__Instructions to follow__:
Please return exactly the line that contains "2015年2月10日,在特立尼达的圣费尔南多,踩高跷艺人正在水边表演喷火。" and every line after it, through the last line of the records below, with no pictures.
"""
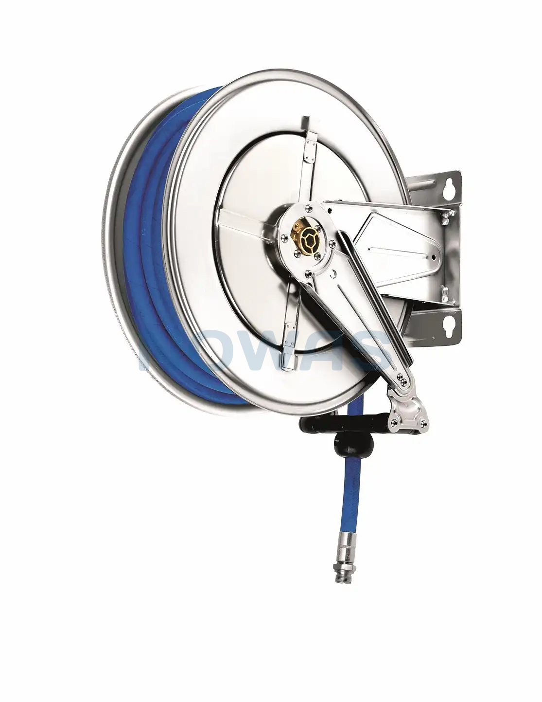 Automatisk slangeopruller, hygiejnisk slange, rustfri, til luft/vand, 10 m, 20 bar
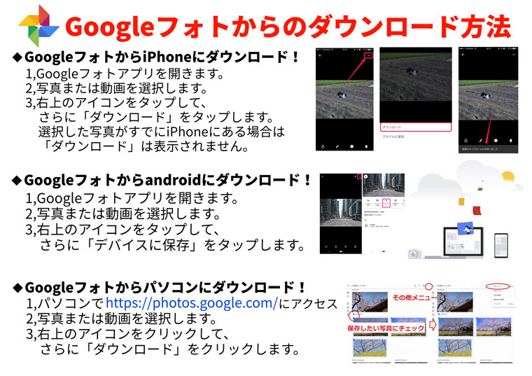 googleフォト ダウンロード手順
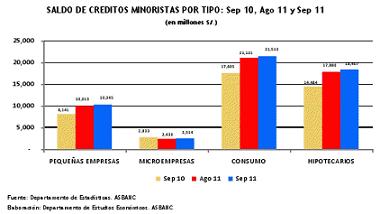 Debe resaltarse que en septiembre 2011, se registró un aumento mensual de los préstamos a los distintos segmentos minoristas. Los créditos a pequeñas empresas aumentaron 3.32% (al pasar de S/. 10,013 millones a S/. 10,345 millones), con lo que mantuvieron su tendencia positiva, acorde al dinamismo de este sector. Asimismo, los créditos microempresa repuntaron 3.45% (elevándose de S/. 2,430 millones a S/. 2,514 millones), impulsados por el inicio de la campaña de fin de año, que origina un aumento de la demanda de financiamiento de un gran número de microempresarios.
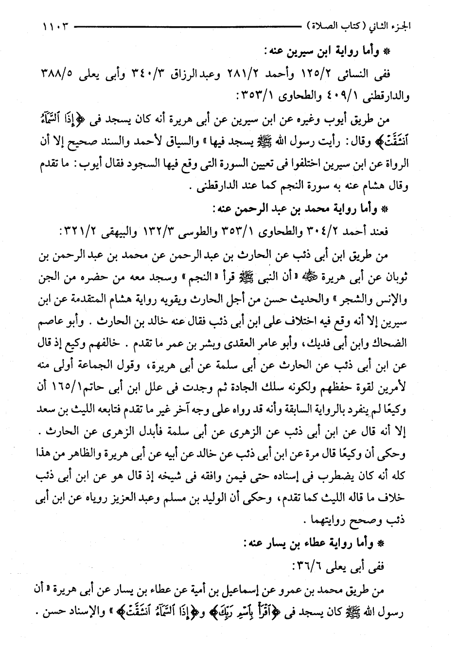 من طريق أيوب وغيره عن ابن سيرين عن أبي هريرة أنه كان يسجد في {إِذَا السَّمَاءُ انْشَقَّتْ} وقال: رأيت رسول الله - صلى الله عليه وسلم - يسجد فيها" والسياق لأحمد والسند صحيح إلا أن الرواة عن ابن سيرين اختلفوا في تعيين السورة التى وقع فيها السجود فقال أيوب: ما تقدم وقال هشام عنه به سورة النجم كما عند الدارقطني.
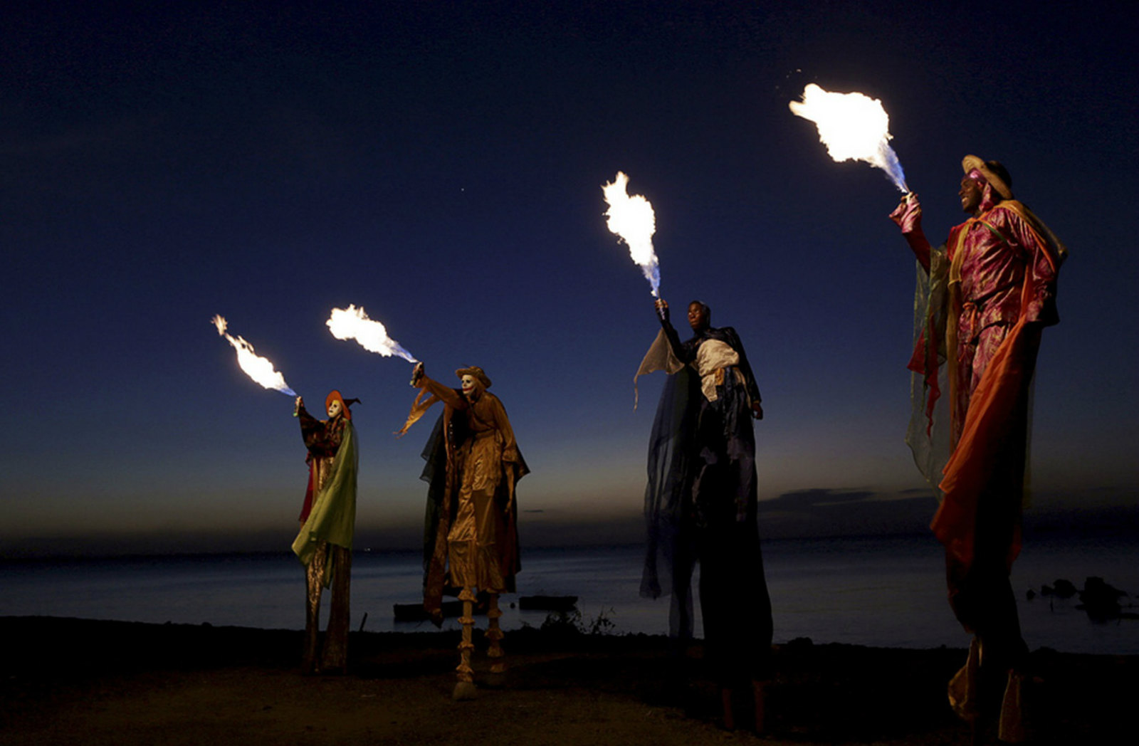 2015年2月10日,在特立尼达的圣费尔南多,踩高跷艺人正在水边表演喷火。
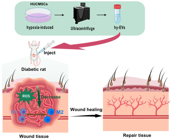 Schematic diagram of the treatment of diabetic wounds with hy-EVs derived from HUCMSCs induced by hypoxia.
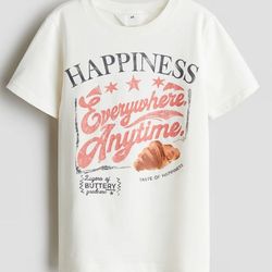 H&M Shirt Cotton Crew Neck Top T Shirt printed Tee Basic 12 14 Large croissant happiness
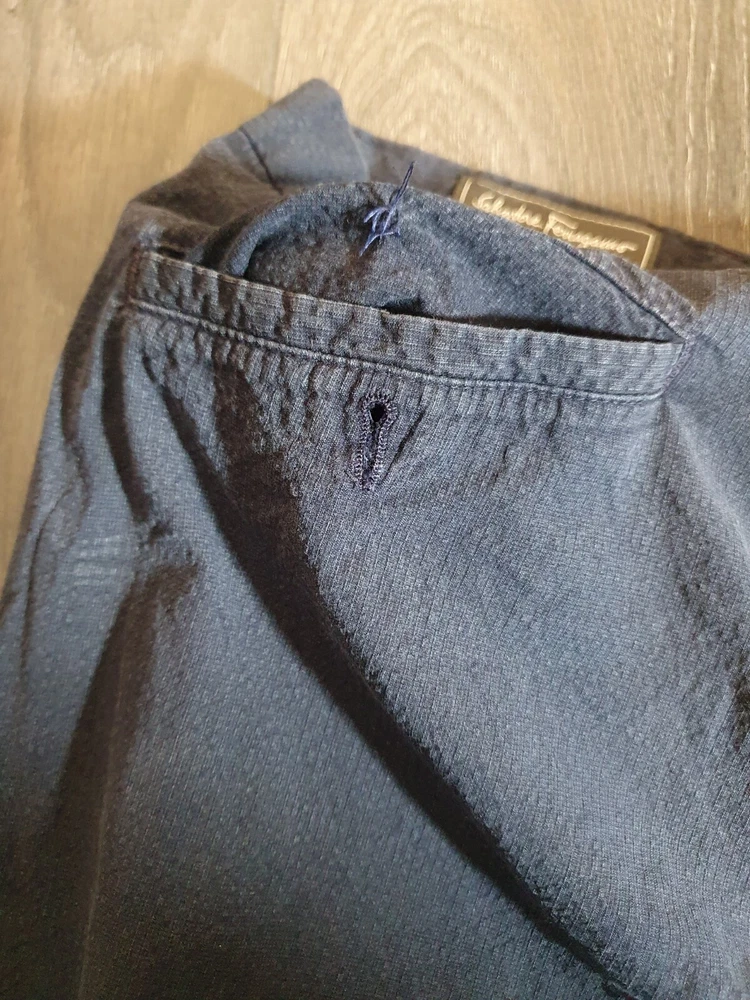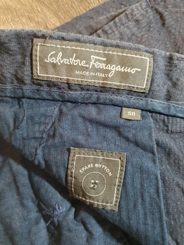 These Salvatore Feragamo linen trousers in a relaxed fit, size regular, are a stylish addition to any wardrobe. With a zip closure and waist size of 39 inches, they provide comfort and flexibility. The trousers have a stylish chino design and are made of high-quality linen material in a beautiful blue shade.
"""
__Reply__:
 2015年2月10日,在特立尼达的圣费尔南多,踩高跷艺人正在水边表演喷火。
 Schematic diagram of the treatment of diabetic wounds with hy-EVs derived from HUCMSCs induced by hypoxia.
 H&M Shirt Cotton Crew Neck Top T Shirt printed Tee Basic 12 14 Large croissant happiness
 These Salvatore Feragamo linen trousers in a relaxed fit, size regular, are a stylish addition to any wardrobe. With a zip closure and waist size of 39 inches, they provide comfort and flexibility. The trousers have a stylish chino design and are made of high-quality linen material in a beautiful blue shade.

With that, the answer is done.